> **Task details**
Beginning with the first line below, retype exactly each line through the one containing "перерегистрации: 16.09.16 |". Leave out all pictures.

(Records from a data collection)
((

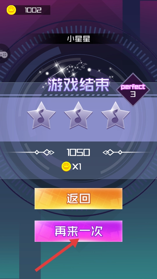 4、游戲結(jié)束后,若想重試,點(diǎn)擊紫色【再來一次】,重新挑戰(zhàn)游戲關(guān)卡。
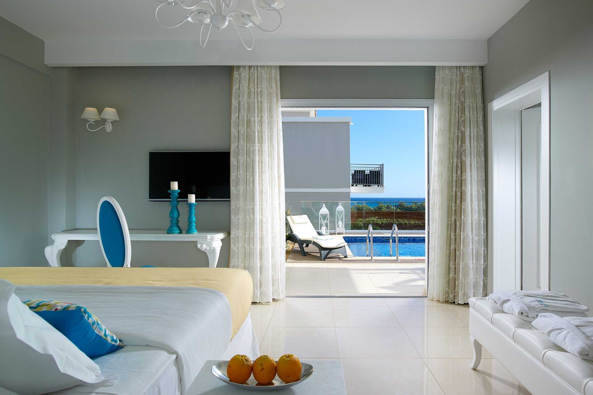 Svit med privat pool på markterrassen. Sviterna består av ett sovrum och ett vardagsrum. En dubbelsäng eller två enkelsängar. Möjlighet till extrabäddar i två bäddsoffor. Välj din favoritkudde från hotellets kuddmeny. Wifi, luftkonditionering och deponering ingår. Minibar. Vattenkokare samt kaffe och te. Nespressomaskin - två kapslar ingår vid ankomst - därefter finns det att köpa. Tv med internationella kanaler. Strykjärn och strykbräda. Badrockar och tofflor. Hårtork. Badrum med badkar eller dusch samt wc. Städning 7 ggr/vecka. Barn under två år räknas in i max antal personer i rummet.
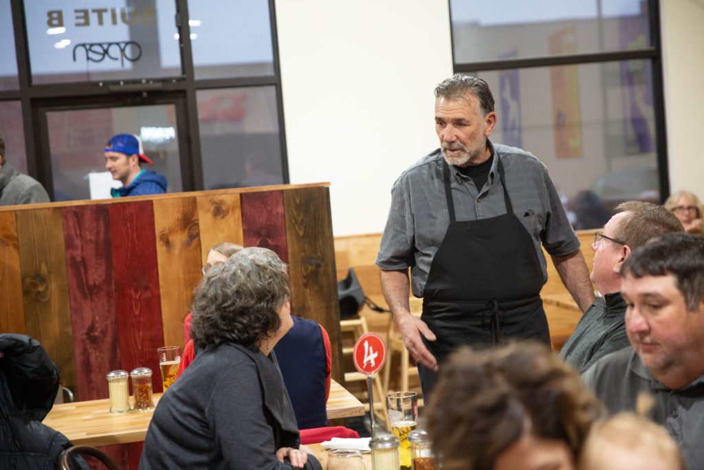 Dennis Napolitano visits with customers during a test run for Pizza di Paolo just before it opened in October 2019.
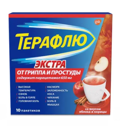 | Терафлю® от гриппа и простуды экстра | Порошок д/пригот. р-ра д/приема внутрь (яблочно-коричный) 650 мг+20 мг+10 мг/1 пак.: пак. 10 шт. рег. №: П N014315/01 от 23.03.09 *- Бессрочно* Дата перерегистрации: 16.09.16 |
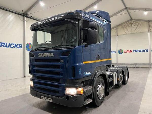 2010 Scania R420 6x2 Midlift Sleeper Cab Tractor Unit. 12 Speed Opticruise Gearbox. Twin Fuel Tanks. Twin Bunk. Radio/Stereo. Full Wind Deflector Kit. Excellent Condition. We can organise shipping to any worldwide...
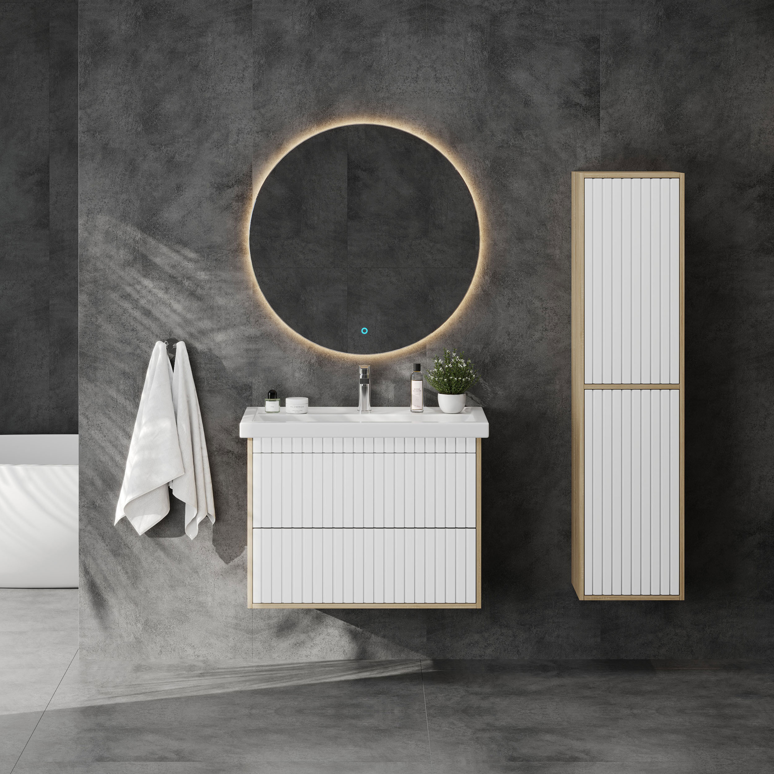 Рифленый белый матовый фасад с покрытием SoftTouch и корпус цвета дуба с роскошной текстурой подчеркнет изысканный вкус владельца и станет центральным элементом декора.

))

> **Written solution**
 4、游戲結(jié)束后,若想重試,點(diǎn)擊紫色【再來一次】,重新挑戰(zhàn)游戲關(guān)卡。
 Svit med privat pool på markterrassen. Sviterna består av ett sovrum och ett vardagsrum. En dubbelsäng eller två enkelsängar. Möjlighet till extrabäddar i två bäddsoffor. Välj din favoritkudde från hotellets kuddmeny. Wifi, luftkonditionering och deponering ingår. Minibar. Vattenkokare samt kaffe och te. Nespressomaskin - två kapslar ingår vid ankomst - därefter finns det att köpa. Tv med internationella kanaler. Strykjärn och strykbräda. Badrockar och tofflor. Hårtork. Badrum med badkar eller dusch samt wc. Städning 7 ggr/vecka. Barn under två år räknas in i max antal personer i rummet.
 Dennis Napolitano visits with customers during a test run for Pizza di Paolo just before it opened in October 2019.
 | Терафлю® от гриппа и простуды экстра | Порошок д/пригот. р-ра д/приема внутрь (яблочно-коричный) 650 мг+20 мг+10 мг/1 пак.: пак. 10 шт. рег. №: П N014315/01 от 23.03.09 *- Бессрочно* Дата перерегистрации: 16.09.16 |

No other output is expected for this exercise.